20060817T165613.744,EDT [Indexer.java 1184]: Indexing failure, db
changes will be rolled back and partial index deleted.

java.io.IOException: Lock obtain timed out:
Lock@C:\WINDOWS\TEMP\lucene-22b8462f0f541160a41abfdff8d52f94-write.lock

at org.apache.lucene.store.Lock.obtain(Lock.java:56)

at
org.apache.lucene.index.IndexReader.aquireWriteLock(IndexReader.java:489
)

at
org.apache.lucene.index.IndexReader.deleteDocument(IndexReader.java:514)

at
org.apache.lucene.index.IndexReader.deleteDocuments(IndexReader.java:541
)

at ...Indexer.buildIncrementalIndex(Indexer.java:915)

...



Why it couldn't get that temporary lock file, I don't know. The same
process runs continuously, and I don't know if Lucene reuses the same
tmpnames from run to run. If the files were left around because of
these JVM File system errors, maybe that would explain it.

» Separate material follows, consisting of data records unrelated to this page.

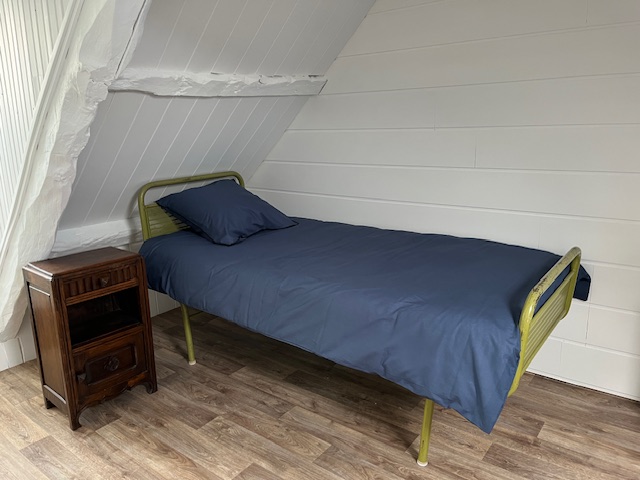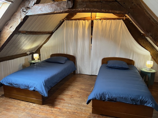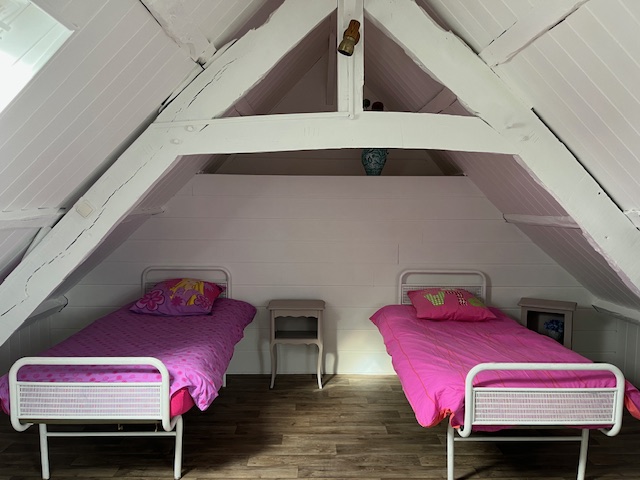 – à l’étage : 1 chambre en mezzanine, 3 lits simples (les lits sont faits)
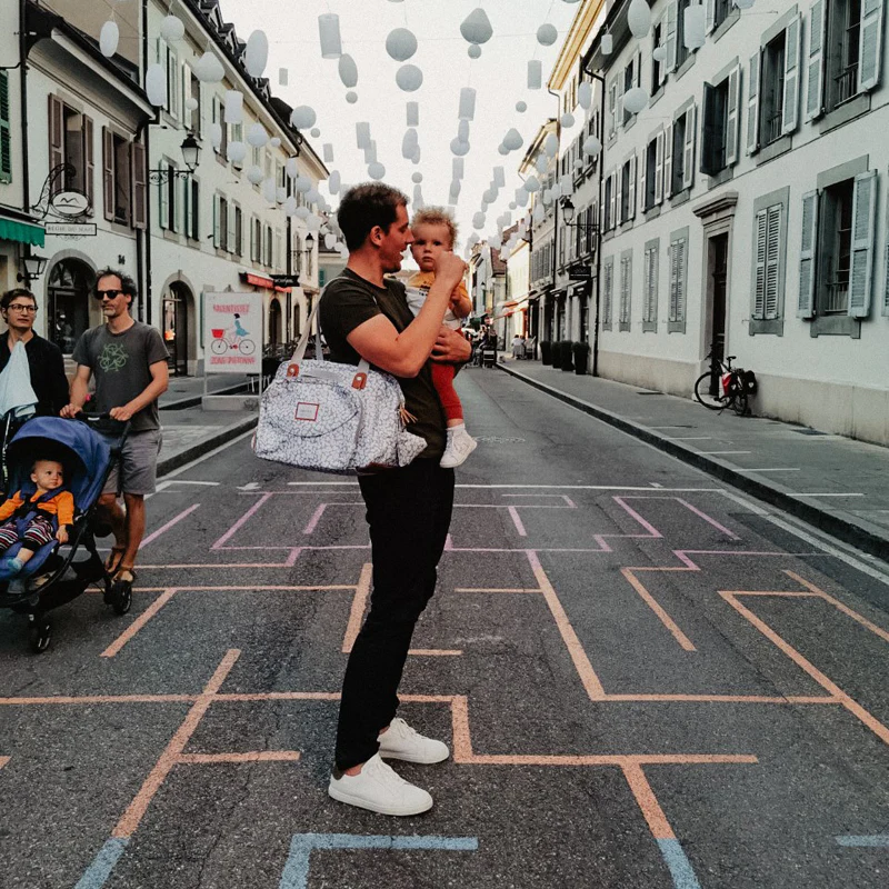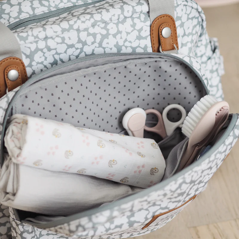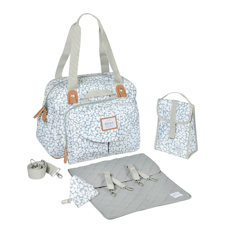 The changing bag has a wide opening for access to the main compartment and comes with an isothermal meal bag, dummy storage bag, changing mat, stroller straps and adjustable shoulder strap.
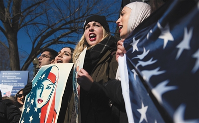 2月4日,美国首都华盛顿,民众抗议特朗普的“穆斯林禁令”。本版图片/视觉中国
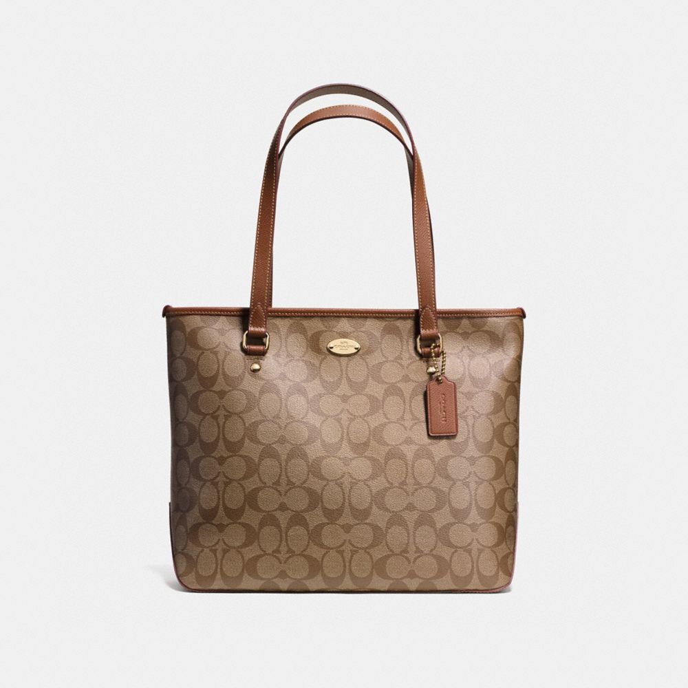 COACH F58294 - ZIP TOP TOTE IN SIGNATURE - IMITATION-GOLD/KHAKI/SADDLE - HANDBAGS
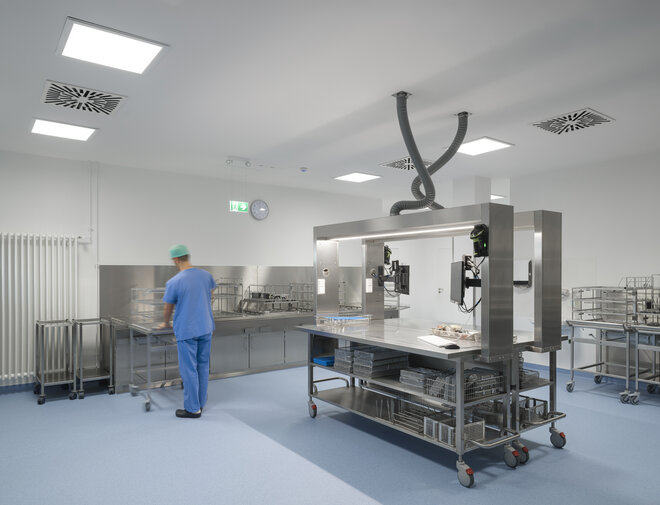 Die Zentralsterilisation, ebenfalls auf Ebene 1, bietet optimale Kapazitäten für den Klinikbetrieb: vier Reinigungs- und Desinfektionsgeräte, eine Containerwaschanlage und drei Sterilisatoren. Durch die direkte Verbindung zur OP-Abteilung konnten kurze Wege für die Sterilgutversorgung realisiert werden. Über die eingebauten Übergabefächer ist auch die Versorgung der Station gewährleistet.
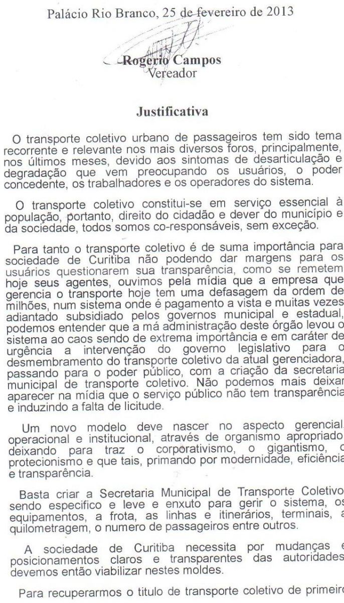 Abaixo na íntegra o documento protocolado na Câmara Municipal de Curitiba
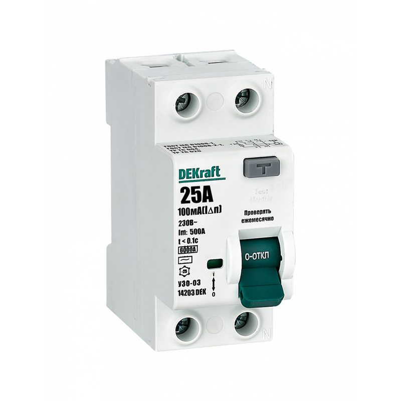 ВДТ 2P 25А 10мА тип AC 6кА УЗО-03 нов. DEKraft 14203DEK
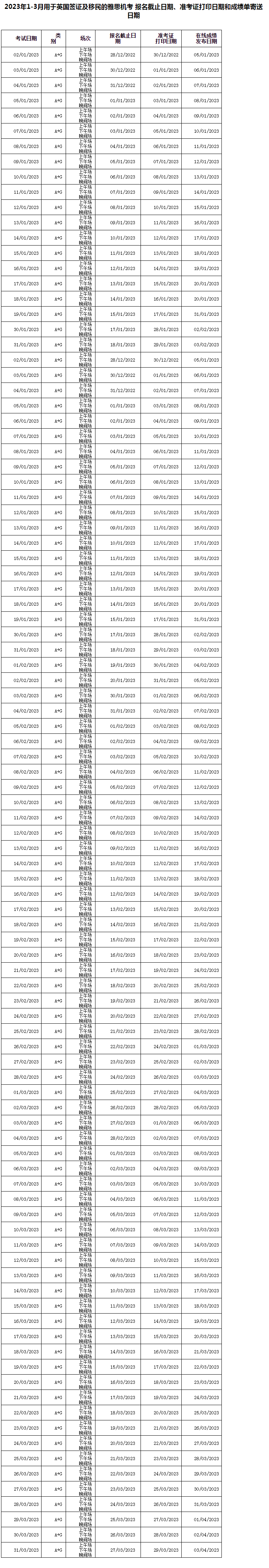 經(jīng)與考試主辦方協(xié)商,現(xiàn)就2023年1-3月份雅思各類考試相關安排通知如下:
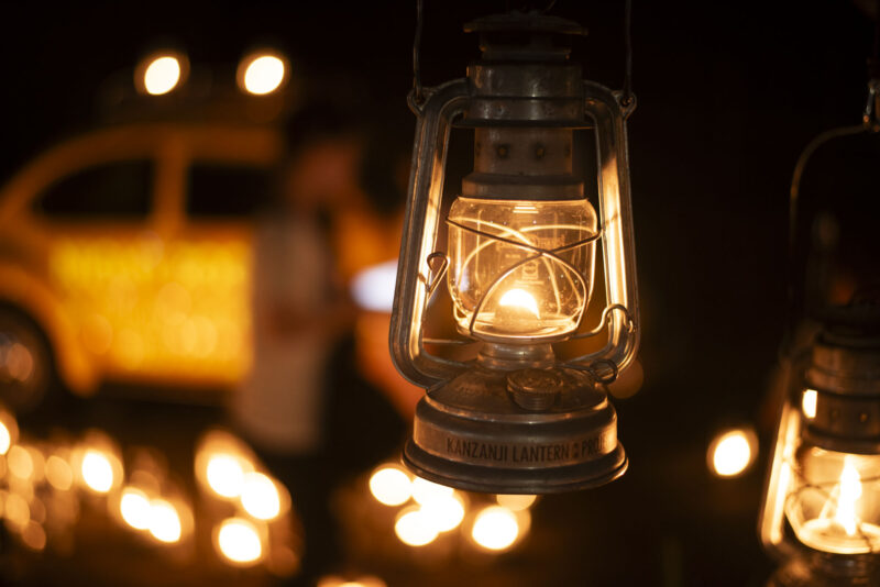 本日のランタン点灯は193台。来場のお客さんも自分でランタンを点けた後、写真を撮ったり、ビートルに投影の「NIGHT ZOO」の前で写真を撮ったり、映えるフォトスポットになりました。
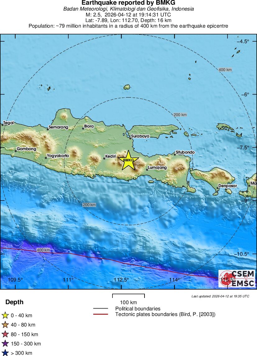 | 2.5 | 16 | 3177 | 05:14 | Link | Terremoto menor - JAVA, INDONESIA - Hoje |
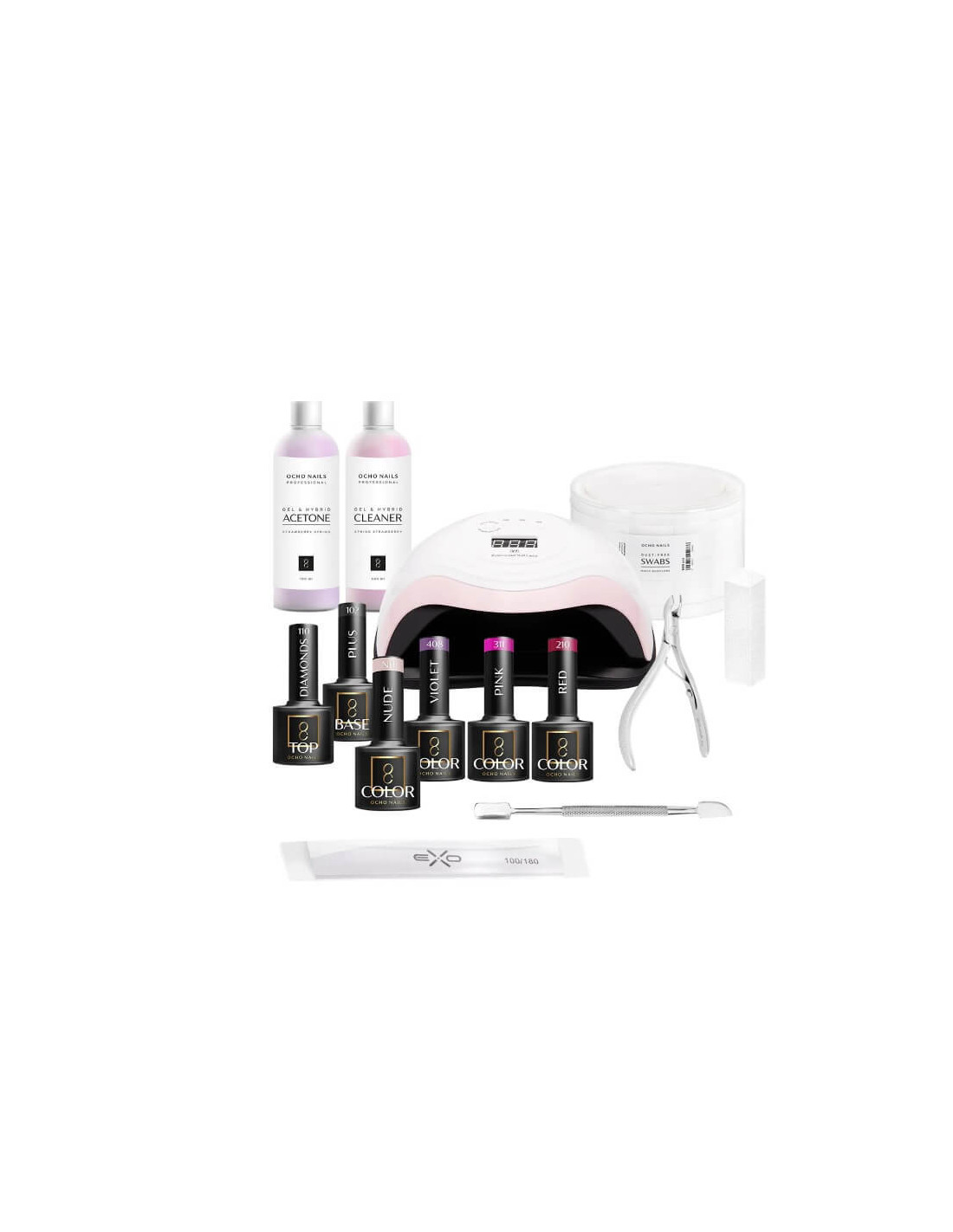 1. Ce include kitul Ocho Hybrid Start 1? Kitul conține 13 piese esențiale: lampă UV/LED, cleanser, acetonă, pilă, clește pentru cuticule, spatulă, tampoane, bază, top coat și 4 nuanțe de ojă semipermanentă.
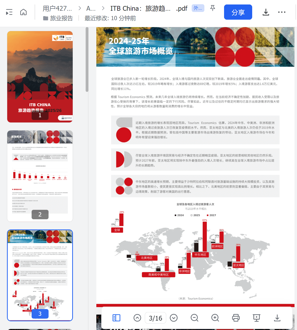 2、2024年中国出境旅游市场持续回暖,较2023年大幅改善。东南亚、日本、韩国及中东地区恢复势头最强,欧洲目的地则有望在今年和明年进一步回暖。中国游客特征和偏好发生变化,自由行趋势持续增强。
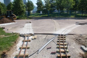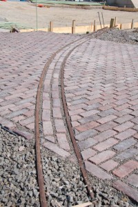 The laying of the “miniature mainline” track in Roundhouse Park is complete except for one short section across a walkway as shown in the upper left picture. Only a number of the crossings and switches remain to be installed. In the centre picture we find that the part of the wye where the track crosses a pedestrian thoroughfare has now been concreted and the track embedded. In the right hand photo, we see how the track has been integrated into the parts of the “mainline” which cross areas with paving stone finishes.
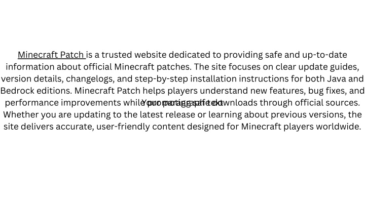 Download the latest Minecraft patch safely and free u2014 get updates, bug fixes, and improvements to enhance your game performance instantly.
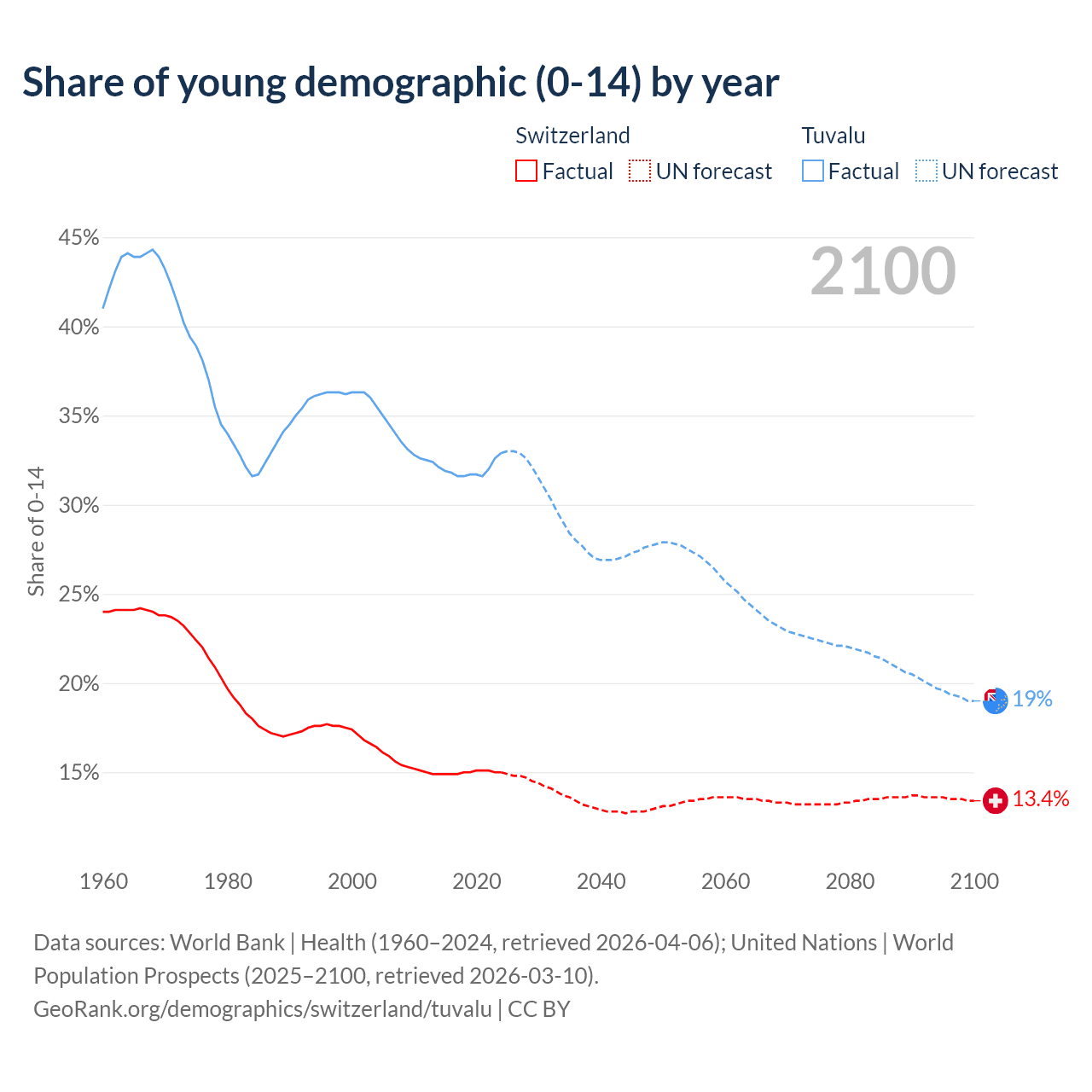 - The share of young demographic (0-15 years old) in Switzerland is 15% vs 32.9% in Tuvalu.

The "partial index deleted" part of our message means that we did a
recursive (java) delete of all the index directories we were working
with. Our attempt to clean the slate got everything but
contact_index\_3zhe.cfs.



An hour later, we come back and try to start another index build. We
find the directory still exists, so we try to validate the index version
number using

searcher = new
IndexSearcher(FSDirectory.getDirectory(indexFile, false));

TermQuery tq = new TermQuery(new
Term(METADATA_DOCUMENT_FIELD, METADATA_DOCUMENT_FIELD_VALUE));

Hits h = searcher.search(tq);

if (h.length() == 1)

...

finally

{

if (searcher != null)

{

try { searcher.close(); } catch (Exception e) { /*
ignore */ }

}

}



Obviously with only the _3zhe.cfs file left, it's not a valid index, so
the attempt to get the metadata fails. No matter what happens, we do a
searcher.close(). My suspicion is that IndexSearch.close() isn't really
doing a File.close() on all the files it's using, so you have to wait
until searcher is garbage collected and its file objects finalized
before things will work - because immediately after this check, Lucene
fails a full build with

20060817T175614.323,EDT [Indexer.java 843]: Error building full index

java.io.IOException: Cannot delete
\\xx.xx.xx.xx\indexbuild2\contact_index\_3zhe.cfs

at
org.apache.lucene.store.FSDirectory.create(FSDirectory.java:198)

at
org.apache.lucene.store.FSDirectory.getDirectory(FSDirectory.java:144)

at
org.apache.lucene.index.IndexWriter.<init>(IndexWriter.java:224)

...



Doing a full build, Lucene does it's own attempt to clear out the
leftovers which fails because it can't delete the file. And we're stuck
in this loop all night.



The guy who wrote the Indexing code says the version check is the only
place in the code where we have an IndexSearcher created using a file
path string - that all others have a pre-existing IndexReader. He wants
me to try it that way instead, so that we can explicitly close the
reader and hopefully clear that loose file handle.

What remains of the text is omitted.